START The data
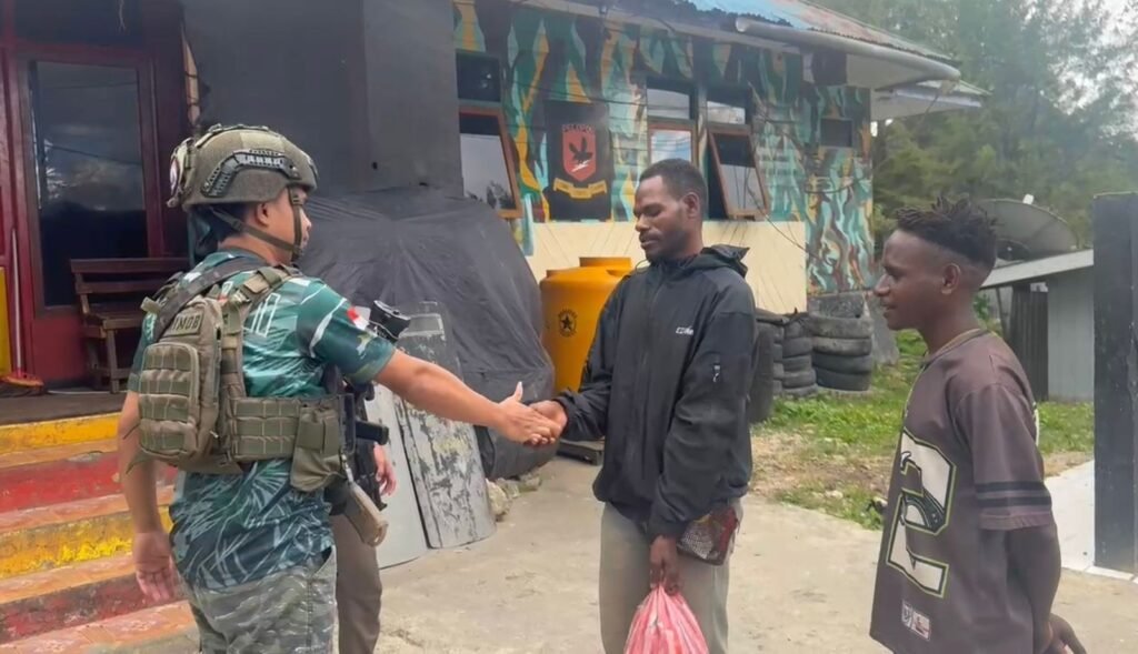 Paniai, Papua Tengah – Wujud kepedulian terhadap masyarakat kembali ditunjukkan oleh personel Operasi Damai Cartenz. Pada Senin (20/10/2025), personel Satgas Ops Damai Cartenz Bharada Sahdan melaksanakan kegiatan humanis dengan membagikan sembako kepada warga di Distrik Paniai Timur, Kabupaten Paniai.
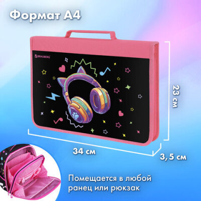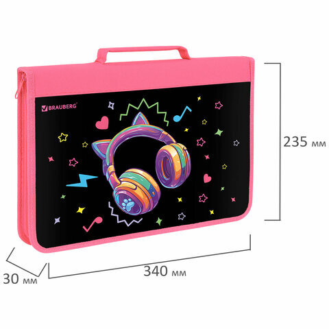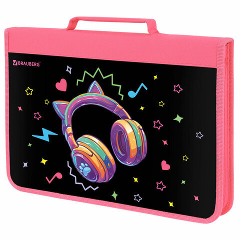 Папка на молнии BRAUBERG А4 с ручкой, с органайзером, 1 отделение, "Headphones", 273384
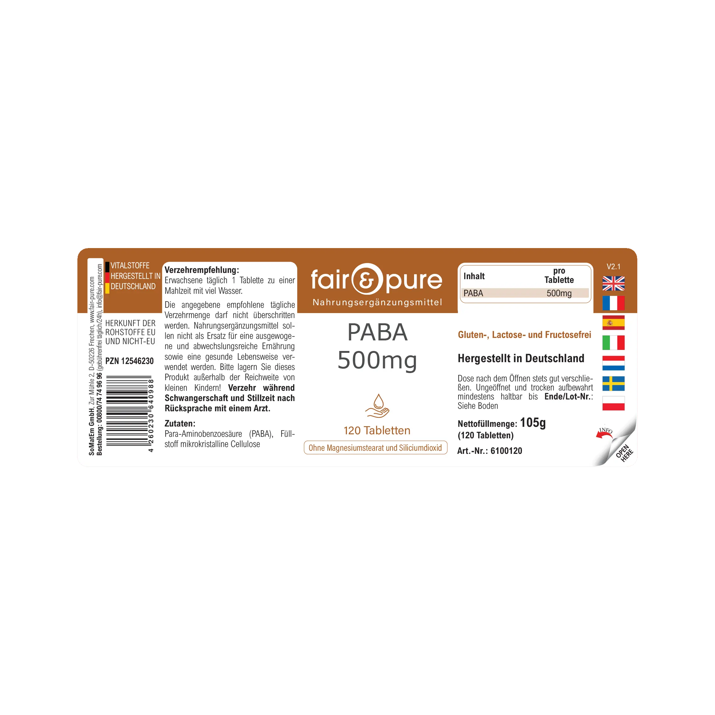 Produktinformationen "PABA 500 mg - 120 Tabletten - Para-Aminobenzoesäure - Vitamin B10 | fair & pure"
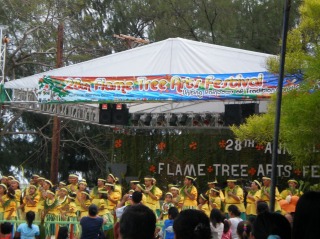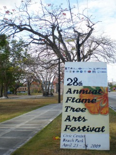 今日は午後からフレームツリーアートフェスティバルに行きました。シャトルバスで会場近くのワールドリゾートホテルまで行き、シビックセンターへと向かいます。このフェスティバルは地元の方たちのお祭りとのこと。会場近くには看板も出ています。
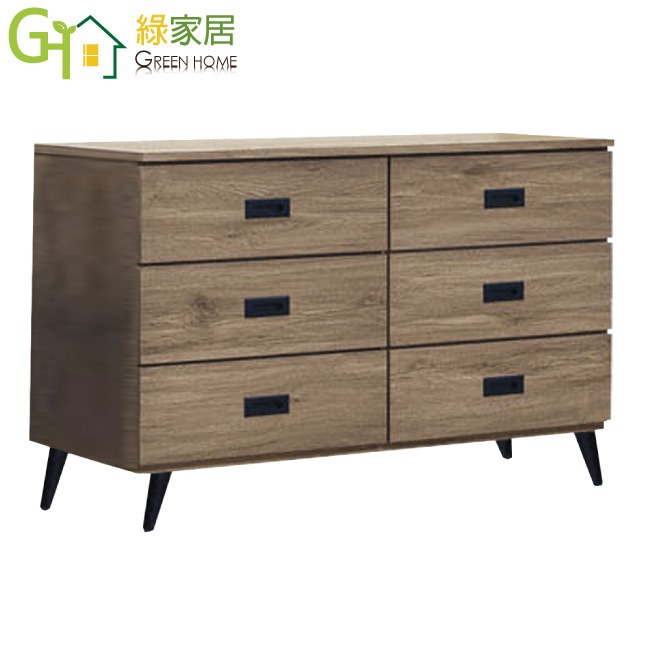 【綠家居】格斯4尺六抽鐵腳斗櫃 灰橡木紋色系+安心材質製造,使用放心+搭配居家更便利,採用防蛀木心板+烤漆五金腳座+五金滑軌結構等安心材質製造 ,外層採用防潮耐磨噴漆處理搭配採用六抽屜+開放層格等收納空間設計,全由專人配送到家,專業安心服務,替你省下更多時間!
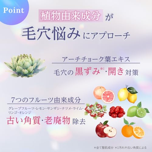 また、植物由来のアーチチョーク葉エキスが毛穴の引き締めをサポートし、汚れの再付着を防ぐ効果が期待されています。
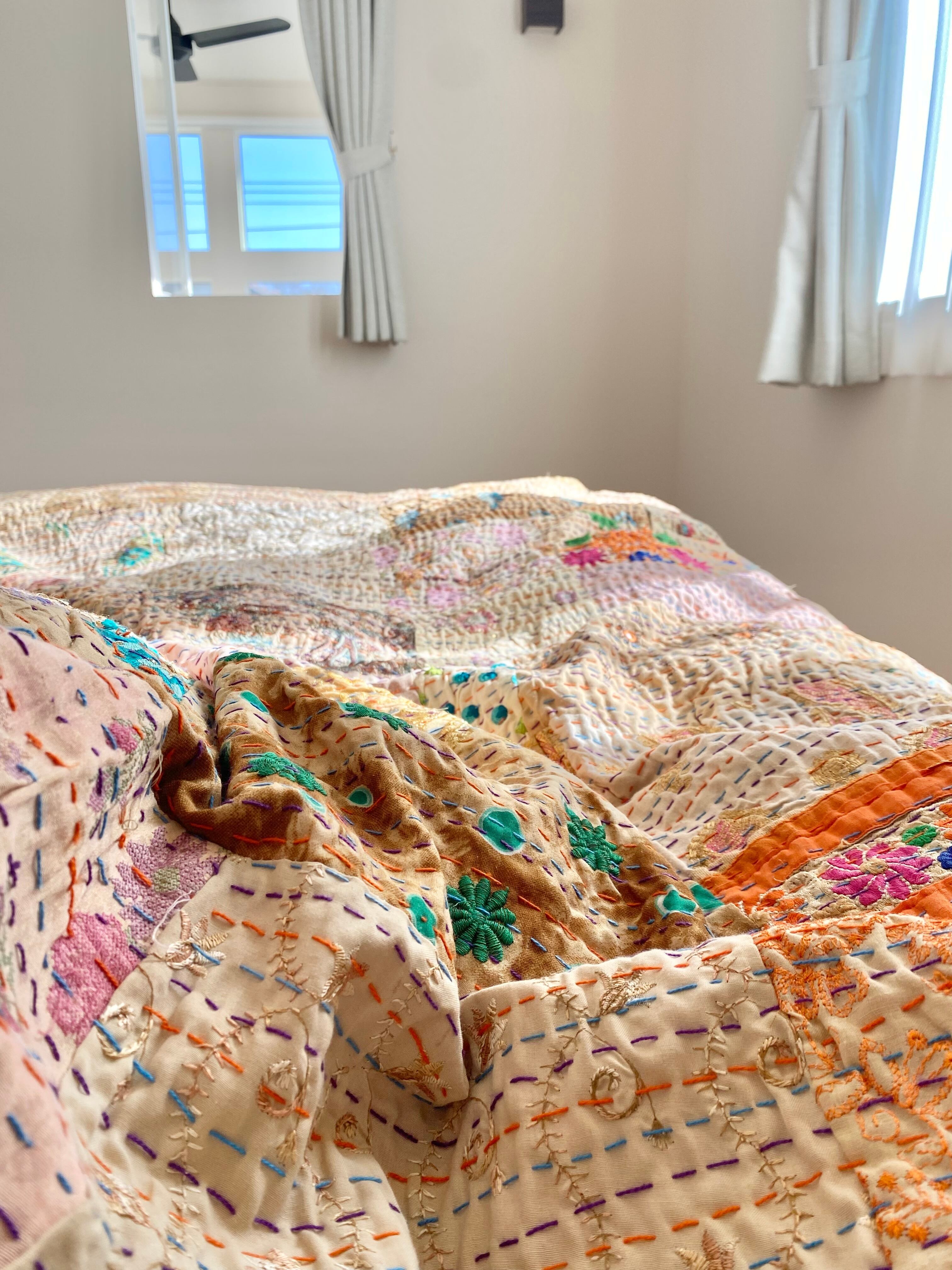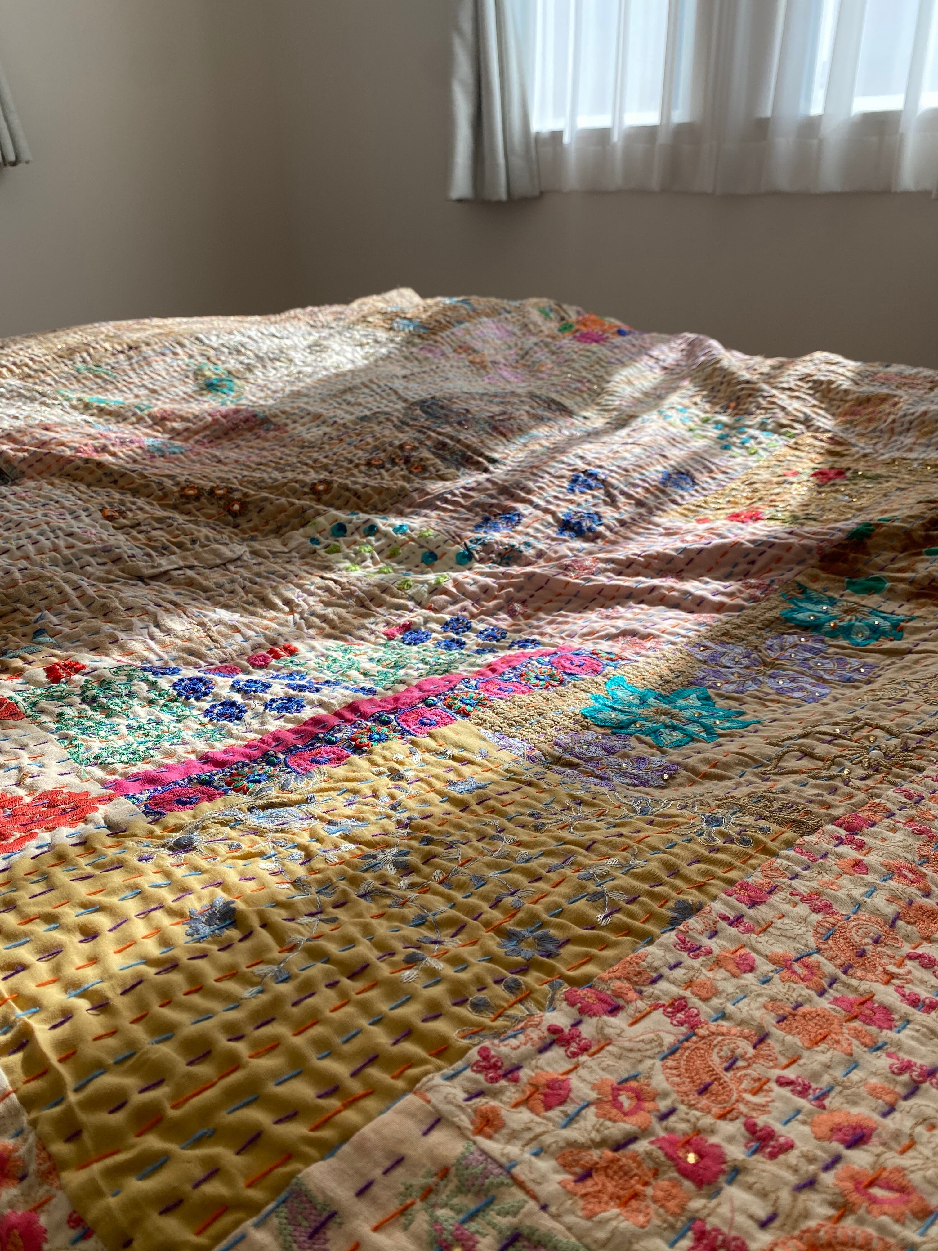 繋ぎ合わせたパッチワークキルトはとても華やか。
END The data
## Instructions to follow
Produce a verbatim copy of the listing, leaving out all pictures.

## Solution for this exercise
 Paniai, Papua Tengah – Wujud kepedulian terhadap masyarakat kembali ditunjukkan oleh personel Operasi Damai Cartenz. Pada Senin (20/10/2025), personel Satgas Ops Damai Cartenz Bharada Sahdan melaksanakan kegiatan humanis dengan membagikan sembako kepada warga di Distrik Paniai Timur, Kabupaten Paniai.
 Папка на молнии BRAUBERG А4 с ручкой, с органайзером, 1 отделение, "Headphones", 273384
 Produktinformationen "PABA 500 mg - 120 Tabletten - Para-Aminobenzoesäure - Vitamin B10 | fair & pure"
 今日は午後からフレームツリーアートフェスティバルに行きました。シャトルバスで会場近くのワールドリゾートホテルまで行き、シビックセンターへと向かいます。このフェスティバルは地元の方たちのお祭りとのこと。会場近くには看板も出ています。
 【綠家居】格斯4尺六抽鐵腳斗櫃 灰橡木紋色系+安心材質製造,使用放心+搭配居家更便利,採用防蛀木心板+烤漆五金腳座+五金滑軌結構等安心材質製造 ,外層採用防潮耐磨噴漆處理搭配採用六抽屜+開放層格等收納空間設計,全由專人配送到家,專業安心服務,替你省下更多時間!
 また、植物由来のアーチチョーク葉エキスが毛穴の引き締めをサポートし、汚れの再付着を防ぐ効果が期待されています。
 繋ぎ合わせたパッチワークキルトはとても華やか。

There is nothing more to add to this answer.